Building capacity for active surveillance of vaccine adverse events in the Americas: A hospital-based multi-country network 

The study evaluated the associations between measles-mumps-rubella vaccines and two well-recognized adverse events: Immune thrombocytopenic purpura (ITP) and aseptic meningitis. 

The regional network contributed 63 confirmed ITP and 16 confirmed aseptic meningitis eligible cases to the global study, representing, respectively, 33% and 19% of the total cases.

To ensure long-term sustainability and usefulness to investigate adverse events following new vaccine introductions in low and middle-income countries, the network needs to be strengthened with additional sites and integrated into national health systems.” 

Comment: This surveillance is through South America. What if children are vaccinated and develop serious complications, but have no access to advanced medical care?

5. Vaccine failure

March 26, 2014 – Journal: Clinical Infectious Disease (abstract)

Outbreak of Measles Among Persons With Prior Evidence of Immunity, New York City 2011
From the full article:

Vaccination with2 doses of MMR vaccine is highly effective and is a proxy for immunity to measles.”

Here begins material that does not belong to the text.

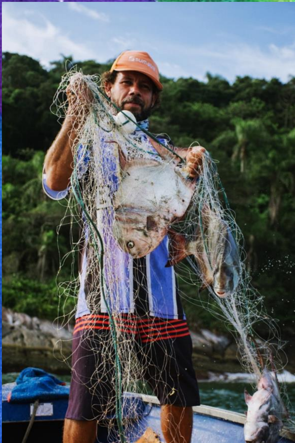
Imagem 1: Pescaria tradicional na ilha do Cará.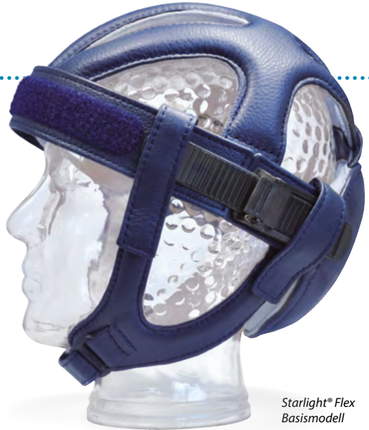
Starlight® Flex Basismodell

This is a report on an outbreak of measles in NYC in 2011 where a fully vaccinated index patient transmitted measles infection to 4 contacts WHO ALSO had “presumptive evidence of measles immunity” (meaning they had had 2 MMR vaccines.)

Conclusion: This outbreak underscores the need for thorough epidemiologic and laboratory investigation of suspected cases of measles regardless of vaccination status.

December 30, 2015 – Journal: Clinical Infectious Disease (full text)

Measles Virus Neutralizing Antibody Response, Cell-Mediated Immunity, and Immunoglobulin G Antibody Avidity Before and After Receipt of a Third Dose of Measles, Mumps, and Rubella Vaccine in Young Adults 

Most subjects were seropositive before receipt of the third MMR, and very few had a secondary immune response after the third MMR. Similarly, additional analysis showed minimal qualitative improvement in the immune response after the third MMR injections. We did not find compelling data to support a routine third dose of MMR vaccine.”  

Comment: And yet, they are now advocating for a third dose – AND if your child got a dose of MMR before 1yr, it “doesn’t count” and must be given another.